Asking with options (Tetracom v0.6.1+)
Send a question with tap-to-answer option buttonsTetracom v0.6.1 added a new way to send a message: instead of a freeform voice or text blurt, you can send a question with options. The recipient sees the question and a row of buttons; they tap one to answer, and the answer comes back to you as a normal message in your History tab.
Use it when:
- You want a quick yes/no without making the other person type a reply.
- You need someone to pick from a short list ("Pizza, Burgers, or Tacos?").

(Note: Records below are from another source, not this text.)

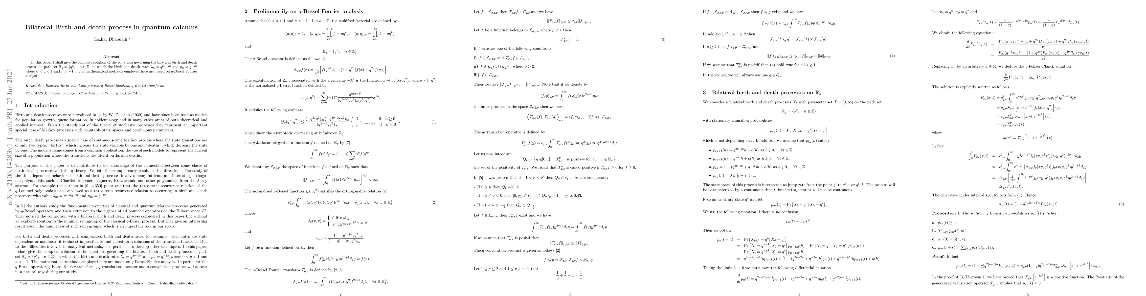 This paper provides a complete solution for the bilateral birth and death process on the path set $\mathbb{R}_q$ using $q$-Bessel Fourier analysis, with birth and death rates defined as $\lambda_n=q^{2\nu-2n}$ and $\mu_n=q^{-2n}$ respectively.
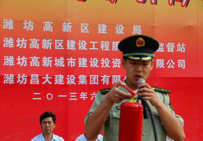 為切實推進(jìn)施工現(xiàn)場消防安全管理,提高全員消防應(yīng)變能力,以實際行動開展好“六月安全月”活動,2013年6月5日上午,集團(tuán)公司在高新區(qū)中央商務(wù)區(qū)施工現(xiàn)場組織了大型消防演練活動。來自各基層單位分管生產(chǎn)的經(jīng)理、工程管理人員,施工現(xiàn)場專職安全員,演練現(xiàn)場三個分公司的全體管理人員和勞務(wù)專業(yè)隊伍,高新區(qū)工程建設(shè)、總承包、監(jiān)理單位以及勞務(wù)分包單位代表等近1000人參加了演練活動。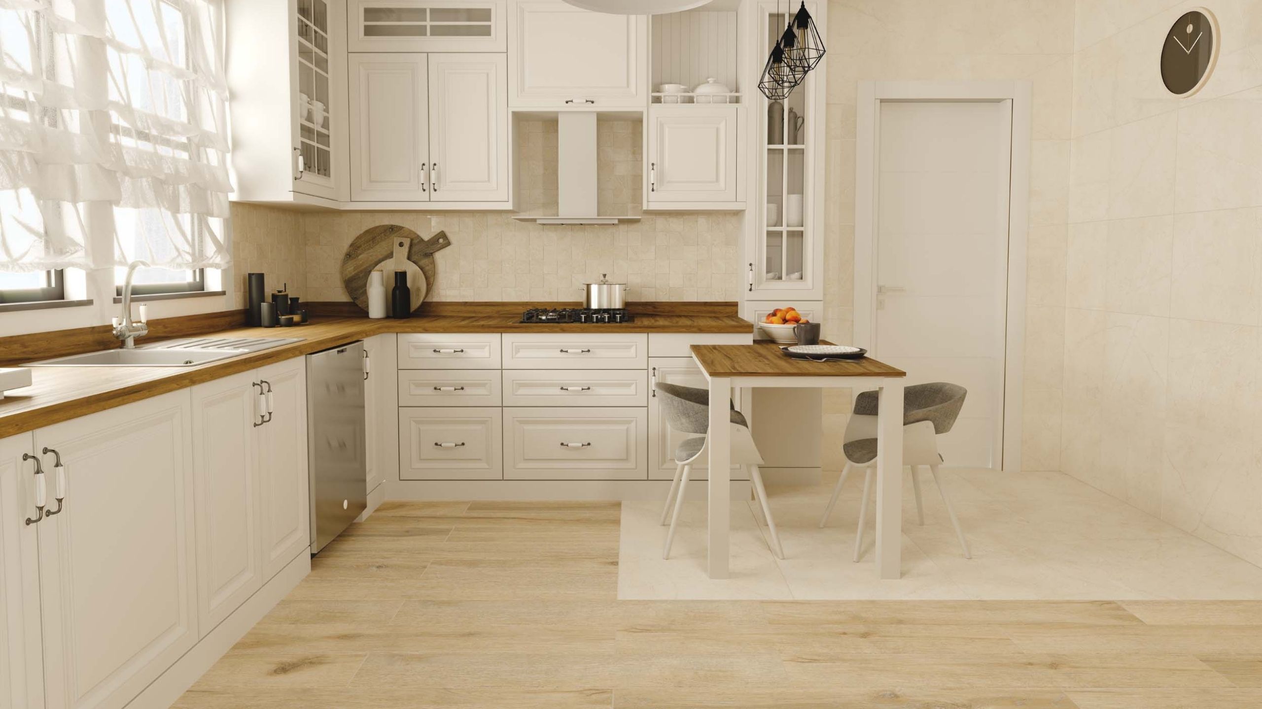 Для гармоничного сочетания отделки в кухне рекомендуется использовать универсальный керамогранит (подходит и для пола, и для стен) одной коллекции, например:

- You’re running a bot or script from a desktop and want a human to approve a decision (see the desktop client for the
options-askCLI subcommand).
Sending a question
- On the Contacts tab, pick the contact you want to ask (you only need to do this once if they’re already your active recipient).
- Switch to the Talk tab.
- Tap the Text button (Edit-pencil icon, right above the PTT microphone). This is the v0.6.3 entry point; in v0.6.1 and v0.6.2 the entry point was an Options button on the Contacts tab.
- The Compose Options screen opens. Type your question in the text area, or tap the microphone icon to dictate it.
- Add 2-10 option chips by typing each option and pressing Enter (or tapping the + button). Tap an existing chip to edit or remove it.
- (Optional) Toggle Urgent if you want the receiver’s phone to override their silent mode for this prompt.
- (Optional) Set a Timeout in seconds. If no answer arrives by then, the prompt expires automatically and the asker is notified.
- Tap Send.
Answering a question
When someone sends you a question:
- Your phone vibrates and shows a notification: “Alice asks: Pizza, burgers, or tacos?”
- Tap the notification (or open the app and look at the Talk tab). A bottom sheet pops up with the full question and the option buttons.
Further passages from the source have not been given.